* **THE INPUT**
══════════════════════════════

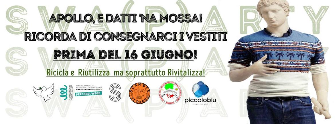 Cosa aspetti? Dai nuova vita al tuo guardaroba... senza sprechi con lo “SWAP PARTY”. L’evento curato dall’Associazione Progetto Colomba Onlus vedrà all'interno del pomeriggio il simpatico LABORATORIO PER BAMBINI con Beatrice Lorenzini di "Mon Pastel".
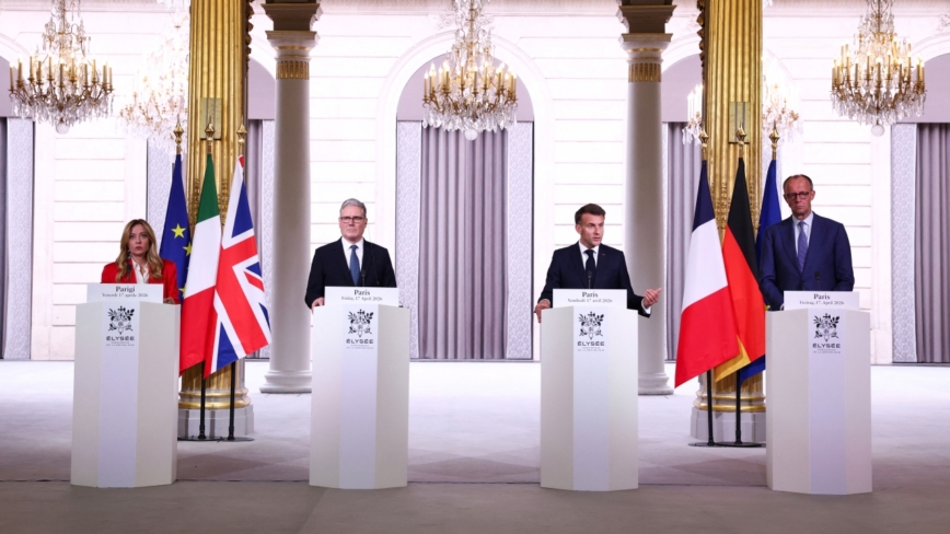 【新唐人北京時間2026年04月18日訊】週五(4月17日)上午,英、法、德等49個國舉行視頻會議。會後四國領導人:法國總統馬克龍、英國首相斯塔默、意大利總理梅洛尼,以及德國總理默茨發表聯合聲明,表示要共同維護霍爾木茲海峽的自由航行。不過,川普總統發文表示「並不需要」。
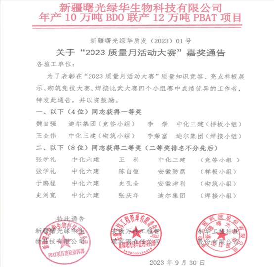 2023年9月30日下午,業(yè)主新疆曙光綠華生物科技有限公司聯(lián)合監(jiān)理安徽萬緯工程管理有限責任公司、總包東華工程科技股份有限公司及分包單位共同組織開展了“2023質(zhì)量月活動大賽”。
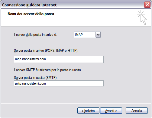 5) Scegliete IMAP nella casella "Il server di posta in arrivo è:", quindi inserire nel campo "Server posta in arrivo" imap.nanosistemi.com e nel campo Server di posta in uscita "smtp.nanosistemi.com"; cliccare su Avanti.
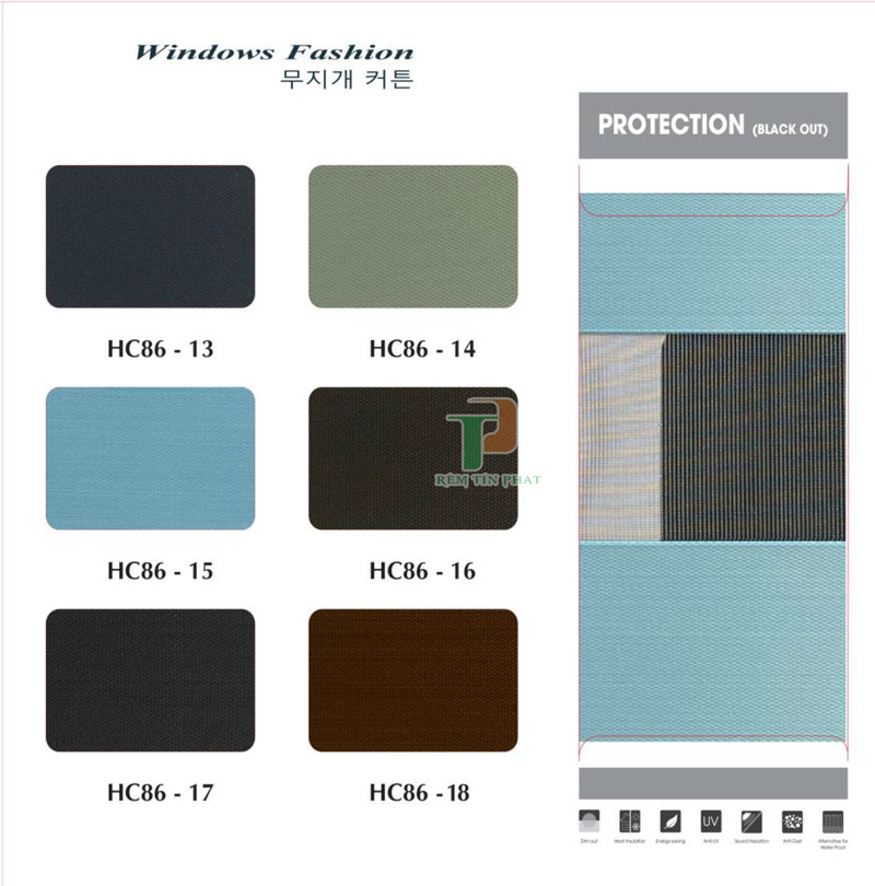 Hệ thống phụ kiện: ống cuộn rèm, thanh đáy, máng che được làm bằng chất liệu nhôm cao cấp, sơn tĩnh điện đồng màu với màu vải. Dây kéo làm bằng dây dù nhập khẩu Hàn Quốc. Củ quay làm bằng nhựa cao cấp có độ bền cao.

══════════════════════════════

* **WHAT YOU ARE ASKED TO DO**
Each record must be set down again without alteration, and no picture may be carried over.

* **RESULT OF THIS EXERCISE**
 Cosa aspetti? Dai nuova vita al tuo guardaroba... senza sprechi con lo “SWAP PARTY”. L’evento curato dall’Associazione Progetto Colomba Onlus vedrà all'interno del pomeriggio il simpatico LABORATORIO PER BAMBINI con Beatrice Lorenzini di "Mon Pastel".
 【新唐人北京時間2026年04月18日訊】週五(4月17日)上午,英、法、德等49個國舉行視頻會議。會後四國領導人:法國總統馬克龍、英國首相斯塔默、意大利總理梅洛尼,以及德國總理默茨發表聯合聲明,表示要共同維護霍爾木茲海峽的自由航行。不過,川普總統發文表示「並不需要」。
 2023年9月30日下午,業(yè)主新疆曙光綠華生物科技有限公司聯(lián)合監(jiān)理安徽萬緯工程管理有限責任公司、總包東華工程科技股份有限公司及分包單位共同組織開展了“2023質(zhì)量月活動大賽”。
 5) Scegliete IMAP nella casella "Il server di posta in arrivo è:", quindi inserire nel campo "Server posta in arrivo" imap.nanosistemi.com e nel campo Server di posta in uscita "smtp.nanosistemi.com"; cliccare su Avanti.
 Hệ thống phụ kiện: ống cuộn rèm, thanh đáy, máng che được làm bằng chất liệu nhôm cao cấp, sơn tĩnh điện đồng màu với màu vải. Dây kéo làm bằng dây dù nhập khẩu Hàn Quốc. Củ quay làm bằng nhựa cao cấp có độ bền cao.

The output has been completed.